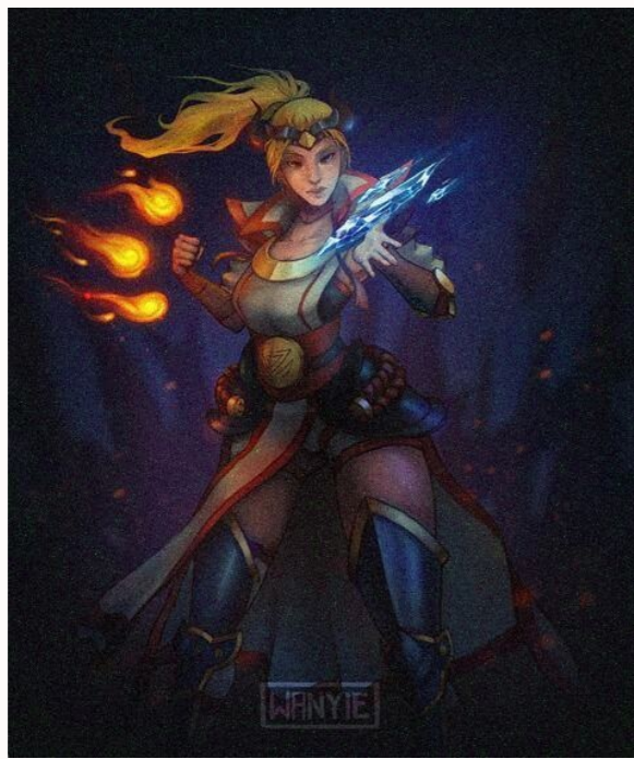
Wow dev evoker guide. What is evoker. vixiriza Dev evoker m+ guide.
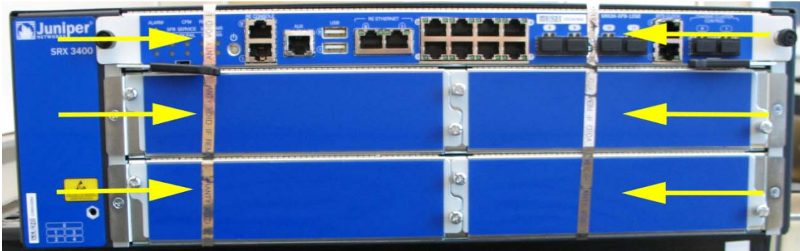
Figure 2. SRX3400 Tamper Evident Seal Location (Top)
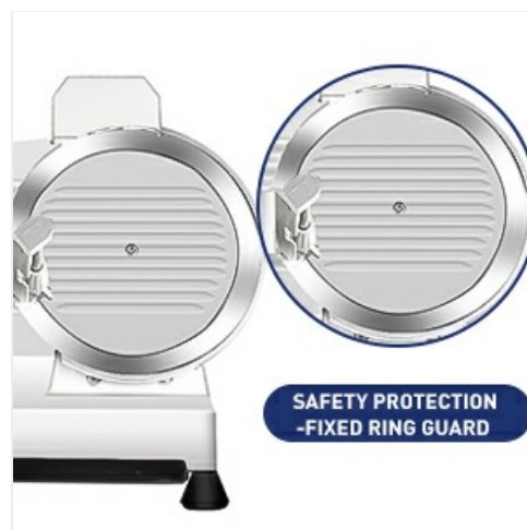
Image: Detail of the fixed ring guard, a safety component designed to prevent unintentional contact with the blade.
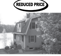
DEDHAM 985 Bald Mountain Road, 3BR/2.5BA, on Harriman Pond, fireplace, security system, carpet & hwd floors, appliances incl., ctrl heating, deck/porch, 2 car gar, office/den, walk-out basement. $279,000 Call 207-469-1046 or 207-469-1103 For more info, and photos use Listing ID 23951131 and go to www.forsalebyowner.com
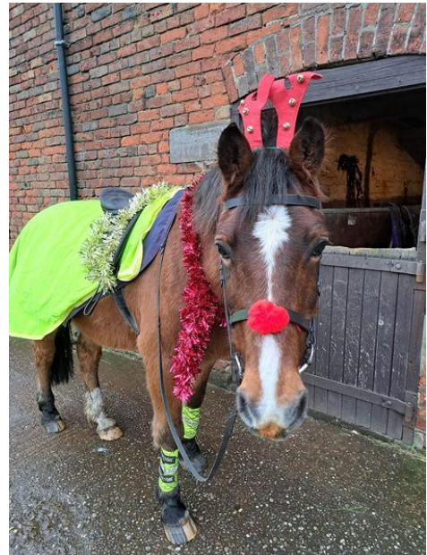
Chloe Walton's festive mount
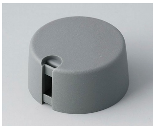
A1031648 TOP-KNOBS 31 PA 6 volcano 31x16mm
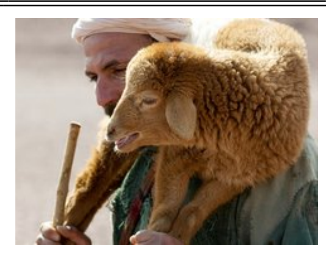
15 'Then he calls his friends and neighbours together and says, "Rejoice with me! I have found my lost sheep."
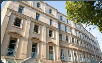
TORBAY HOTEL DEVON
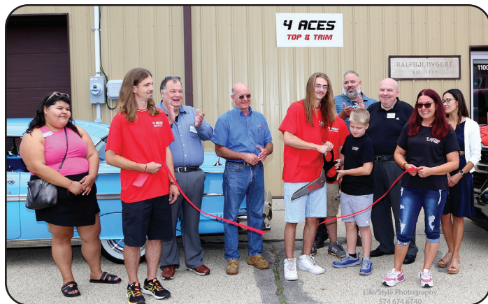
4 Aces Top & Trim celebrates the opening of their new business at 1100 Canton St, Elkhart. They provide custom upholstery work for boats and cars. www.facebook.com/people/4-Aces-Top-Trim/61562700464405/
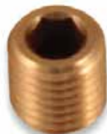
S.H. SET SCREW N-6833 | OEM: N/A
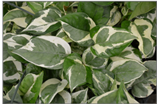
Pearls And Jade Pothos foliage

This is an herbaceous evergreen houseplant with a spreading, ground-hugging habit of growth. This plant can be pruned at any time to keep it looking its best.
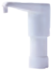
Max-3X Hand Pump 1 oz. Pump, Use with Manual Pot & Pan Detergent, Liquid Pre-Soak and Floor Cleaner. 92668-10, 1/cs 1/4 oz. Pump, Use with Quat Sanitizer 92669-10, 1/cs
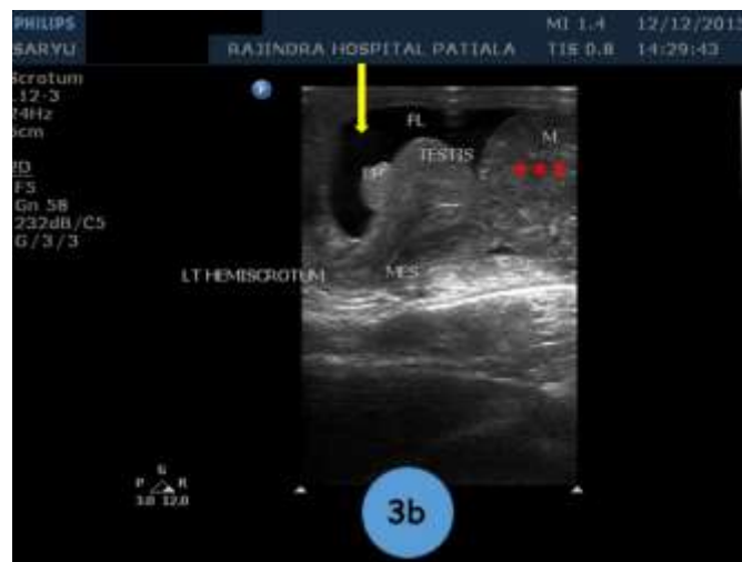
Figure 3b: Paratesticular mass (**red triple asterisk) is seen closely abutting but separable from the left testis. Fluid is seen in the tunica vaginalis cavity (yellow arrow)
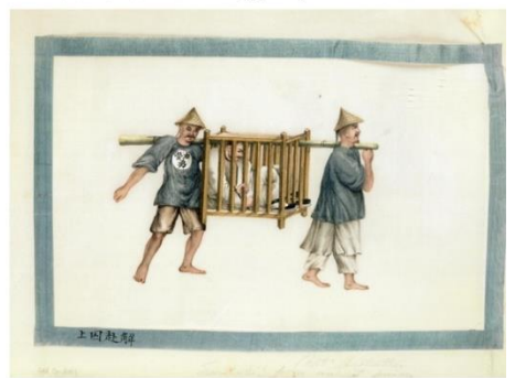
上囚赴解 Carting the prisoner to a certain place

Figure 6. Paintings of Punishments, 19<sup>th</sup> Century, Watercolour on Pith Paper, H: 19.5cm, W: 30cm. The British Library

————————

▶ **Requirement**
Your answer should be the lines of the material above that include "Figure".

▶ **Exercise response**
Figure 2. SRX3400 Tamper Evident Seal Location (Top)
Figure 3b: Paratesticular mass (**red triple asterisk) is seen closely abutting but separable from the left testis. Fluid is seen in the tunica vaginalis cavity (yellow arrow)
Figure 6. Paintings of Punishments, 19<sup>th</sup> Century, Watercolour on Pith Paper, H: 19.5cm, W: 30cm. The British Library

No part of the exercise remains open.